[[ Task inputs open ]]

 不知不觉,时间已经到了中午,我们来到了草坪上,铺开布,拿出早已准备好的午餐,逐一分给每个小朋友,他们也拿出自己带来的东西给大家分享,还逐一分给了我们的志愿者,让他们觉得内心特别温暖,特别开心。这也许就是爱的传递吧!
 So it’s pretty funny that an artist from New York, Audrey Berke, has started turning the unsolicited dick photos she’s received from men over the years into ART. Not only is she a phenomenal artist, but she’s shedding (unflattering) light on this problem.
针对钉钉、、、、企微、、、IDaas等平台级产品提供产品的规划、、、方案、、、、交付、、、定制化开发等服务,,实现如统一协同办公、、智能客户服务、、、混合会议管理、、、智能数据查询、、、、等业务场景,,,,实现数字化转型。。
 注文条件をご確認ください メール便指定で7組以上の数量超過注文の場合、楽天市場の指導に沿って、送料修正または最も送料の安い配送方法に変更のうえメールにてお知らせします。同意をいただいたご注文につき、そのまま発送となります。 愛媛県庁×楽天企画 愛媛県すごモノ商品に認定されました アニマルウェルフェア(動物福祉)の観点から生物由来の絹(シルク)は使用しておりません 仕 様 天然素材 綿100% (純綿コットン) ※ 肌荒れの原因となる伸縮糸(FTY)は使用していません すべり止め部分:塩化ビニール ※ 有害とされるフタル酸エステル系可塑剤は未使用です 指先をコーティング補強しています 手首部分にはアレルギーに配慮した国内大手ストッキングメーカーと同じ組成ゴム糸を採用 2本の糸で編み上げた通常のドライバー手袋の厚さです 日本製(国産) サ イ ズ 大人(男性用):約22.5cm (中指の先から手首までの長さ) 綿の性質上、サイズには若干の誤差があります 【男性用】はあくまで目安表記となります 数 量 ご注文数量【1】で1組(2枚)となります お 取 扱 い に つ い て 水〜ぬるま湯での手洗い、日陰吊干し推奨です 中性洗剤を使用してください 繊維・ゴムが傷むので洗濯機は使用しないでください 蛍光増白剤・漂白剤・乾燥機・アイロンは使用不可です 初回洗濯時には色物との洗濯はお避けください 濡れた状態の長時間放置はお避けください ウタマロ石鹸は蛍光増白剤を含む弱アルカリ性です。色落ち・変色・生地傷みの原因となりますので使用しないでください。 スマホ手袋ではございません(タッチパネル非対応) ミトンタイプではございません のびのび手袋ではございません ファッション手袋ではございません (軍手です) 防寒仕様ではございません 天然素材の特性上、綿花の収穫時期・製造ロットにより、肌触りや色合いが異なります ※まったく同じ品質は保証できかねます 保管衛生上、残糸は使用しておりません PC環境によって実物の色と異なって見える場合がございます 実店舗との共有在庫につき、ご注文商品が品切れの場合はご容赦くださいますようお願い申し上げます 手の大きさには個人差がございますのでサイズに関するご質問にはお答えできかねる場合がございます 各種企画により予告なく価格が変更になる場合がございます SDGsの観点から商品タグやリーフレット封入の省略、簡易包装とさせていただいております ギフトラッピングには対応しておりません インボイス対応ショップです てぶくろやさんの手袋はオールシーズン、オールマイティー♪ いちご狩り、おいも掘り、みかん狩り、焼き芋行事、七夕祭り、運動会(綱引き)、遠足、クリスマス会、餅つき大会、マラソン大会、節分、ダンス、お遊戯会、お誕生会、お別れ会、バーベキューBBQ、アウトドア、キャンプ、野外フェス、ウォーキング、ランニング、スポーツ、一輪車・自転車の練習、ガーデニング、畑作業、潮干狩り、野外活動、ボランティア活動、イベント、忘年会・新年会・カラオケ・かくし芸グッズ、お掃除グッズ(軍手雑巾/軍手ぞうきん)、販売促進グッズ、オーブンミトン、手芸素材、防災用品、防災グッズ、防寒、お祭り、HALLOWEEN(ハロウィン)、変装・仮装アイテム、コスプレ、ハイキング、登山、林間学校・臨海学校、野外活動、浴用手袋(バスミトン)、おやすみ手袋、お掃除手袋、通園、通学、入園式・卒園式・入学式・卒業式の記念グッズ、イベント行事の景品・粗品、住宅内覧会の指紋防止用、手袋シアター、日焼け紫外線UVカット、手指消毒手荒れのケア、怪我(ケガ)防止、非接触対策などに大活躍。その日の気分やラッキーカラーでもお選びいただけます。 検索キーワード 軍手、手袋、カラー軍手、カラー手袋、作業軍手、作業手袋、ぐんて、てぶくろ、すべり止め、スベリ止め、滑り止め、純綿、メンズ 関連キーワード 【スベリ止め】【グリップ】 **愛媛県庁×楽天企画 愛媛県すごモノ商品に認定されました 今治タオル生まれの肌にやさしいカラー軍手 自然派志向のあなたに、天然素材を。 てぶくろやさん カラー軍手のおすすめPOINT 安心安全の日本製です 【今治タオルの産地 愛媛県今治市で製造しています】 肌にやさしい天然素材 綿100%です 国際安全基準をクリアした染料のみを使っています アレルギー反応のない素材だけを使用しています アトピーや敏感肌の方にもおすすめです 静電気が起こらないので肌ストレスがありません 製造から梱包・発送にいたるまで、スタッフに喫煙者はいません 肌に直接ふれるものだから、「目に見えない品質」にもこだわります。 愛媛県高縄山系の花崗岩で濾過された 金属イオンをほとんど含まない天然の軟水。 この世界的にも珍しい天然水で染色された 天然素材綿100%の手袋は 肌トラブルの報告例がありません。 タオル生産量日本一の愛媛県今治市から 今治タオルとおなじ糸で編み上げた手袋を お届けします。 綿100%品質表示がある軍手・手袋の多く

[[ Task inputs closed ]]
[[ Task inputs open ]]

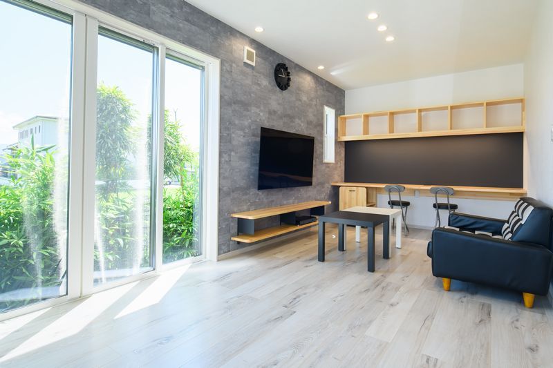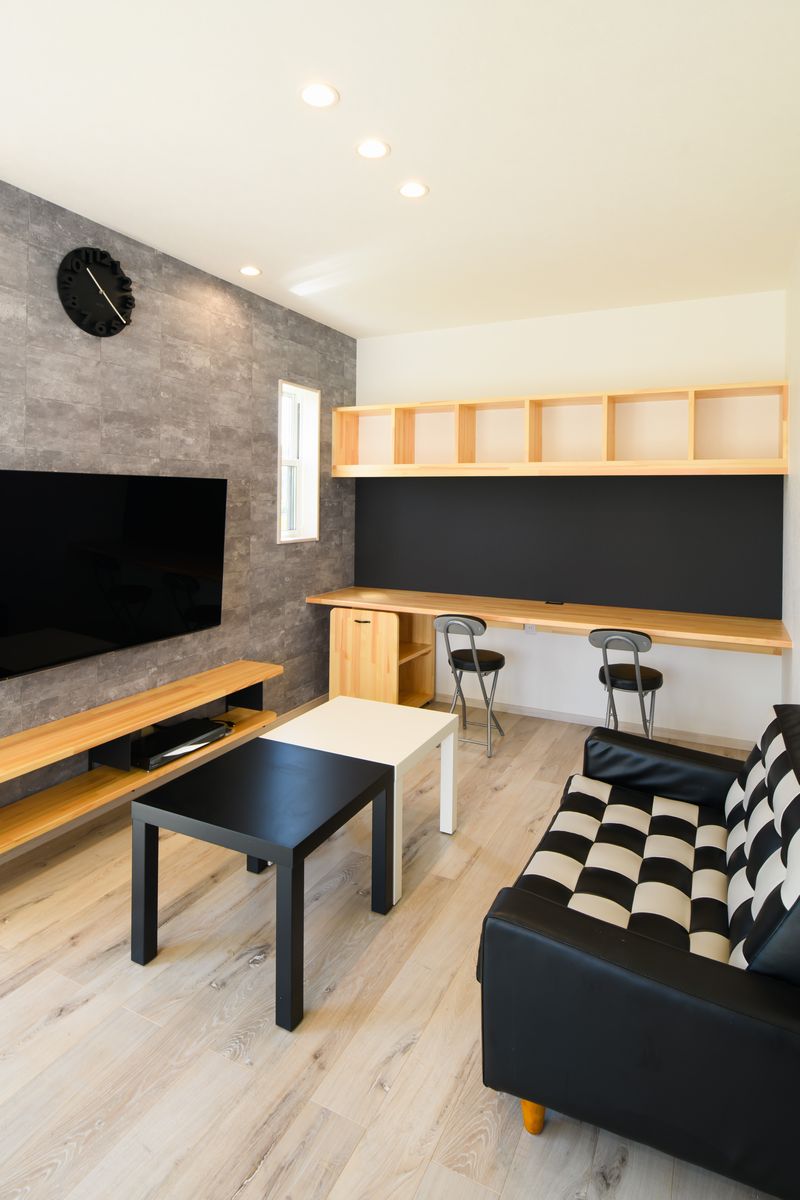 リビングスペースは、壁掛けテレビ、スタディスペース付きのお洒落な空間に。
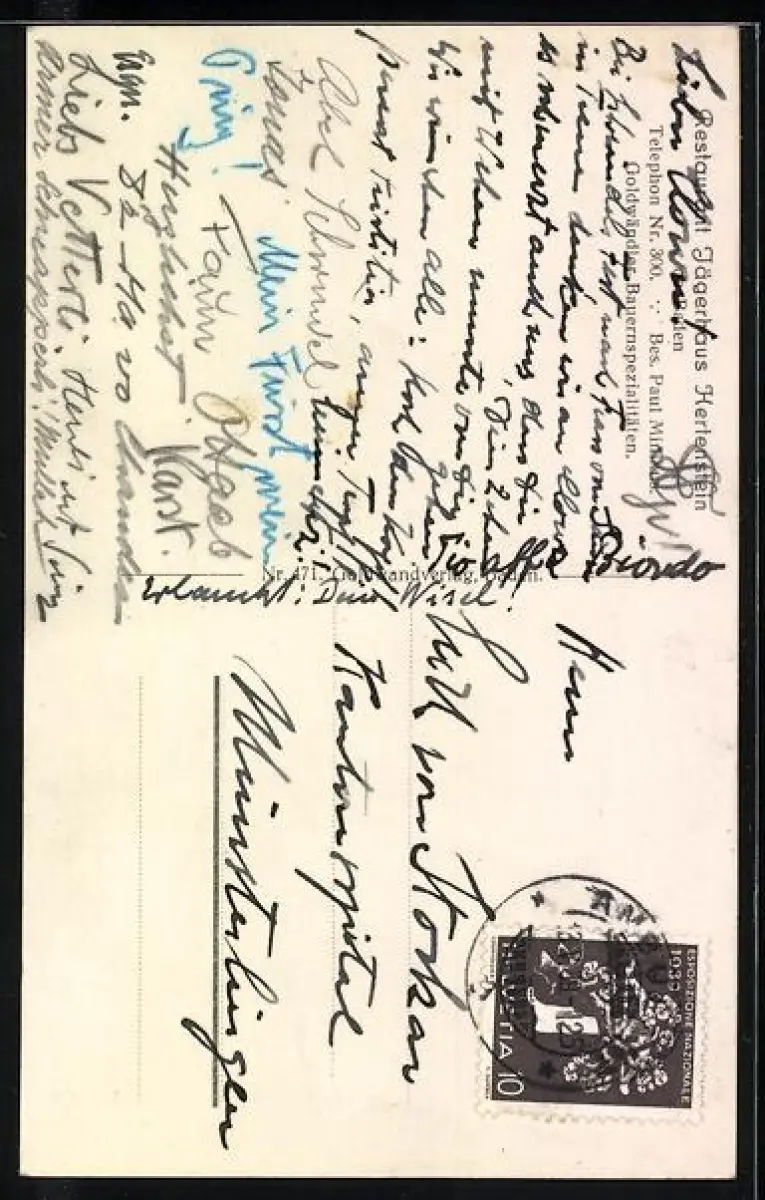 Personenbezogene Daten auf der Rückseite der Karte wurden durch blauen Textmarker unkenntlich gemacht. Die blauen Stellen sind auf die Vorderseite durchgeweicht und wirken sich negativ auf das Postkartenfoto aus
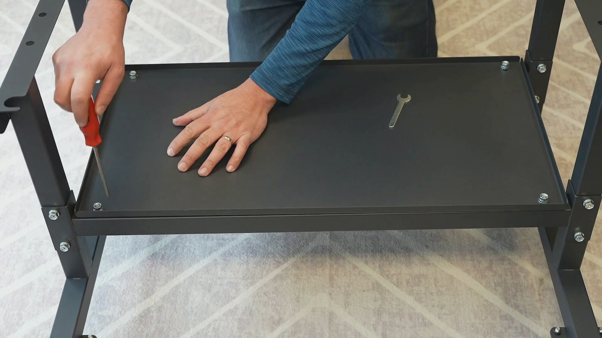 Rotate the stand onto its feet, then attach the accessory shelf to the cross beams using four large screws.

[[ Task inputs closed ]]
[[ Task inputs open ]]

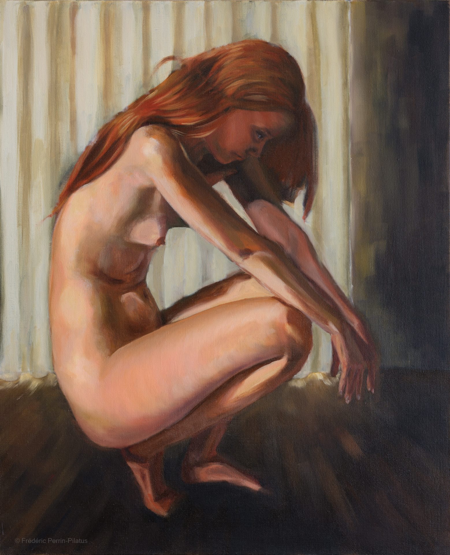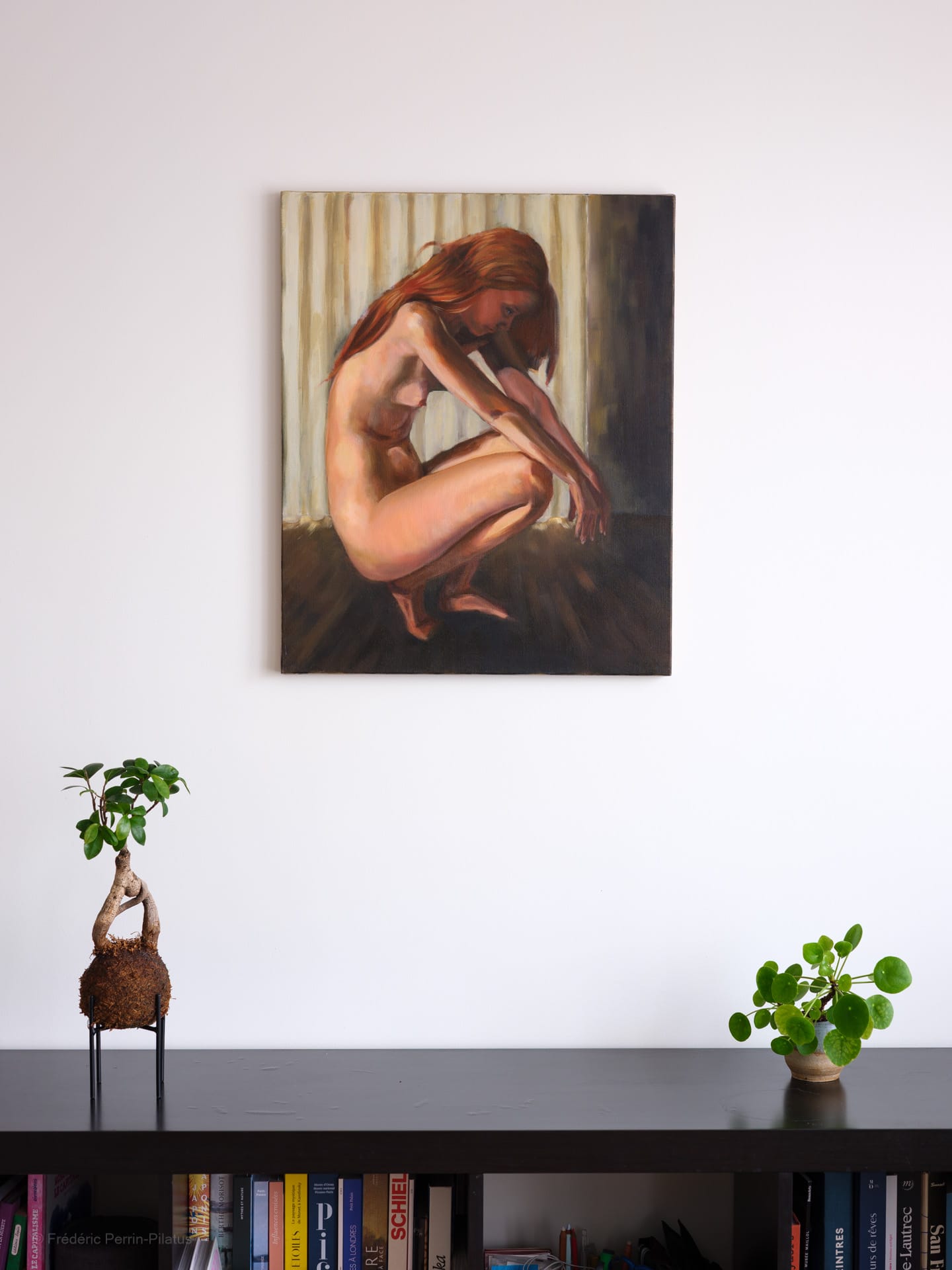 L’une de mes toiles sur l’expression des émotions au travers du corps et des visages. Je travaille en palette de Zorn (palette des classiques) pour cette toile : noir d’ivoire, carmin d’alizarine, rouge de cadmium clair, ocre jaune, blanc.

[[ Task inputs closed ]]

Begin at the line above that has "不知不觉,时间已经到了中午,我们来到了草" and stop after the line that has "针对钉钉、、、、企微、、、I", copying each line exactly and adding nothing else.

 不知不觉,时间已经到了中午,我们来到了草坪上,铺开布,拿出早已准备好的午餐,逐一分给每个小朋友,他们也拿出自己带来的东西给大家分享,还逐一分给了我们的志愿者,让他们觉得内心特别温暖,特别开心。这也许就是爱的传递吧!
 So it’s pretty funny that an artist from New York, Audrey Berke, has started turning the unsolicited dick photos she’s received from men over the years into ART. Not only is she a phenomenal artist, but she’s shedding (unflattering) light on this problem.
针对钉钉、、、、企微、、、IDaas等平台级产品提供产品的规划、、、方案、、、、交付、、、定制化开发等服务,,实现如统一协同办公、、智能客户服务、、、混合会议管理、、、智能数据查询、、、、等业务场景,,,,实现数字化转型。。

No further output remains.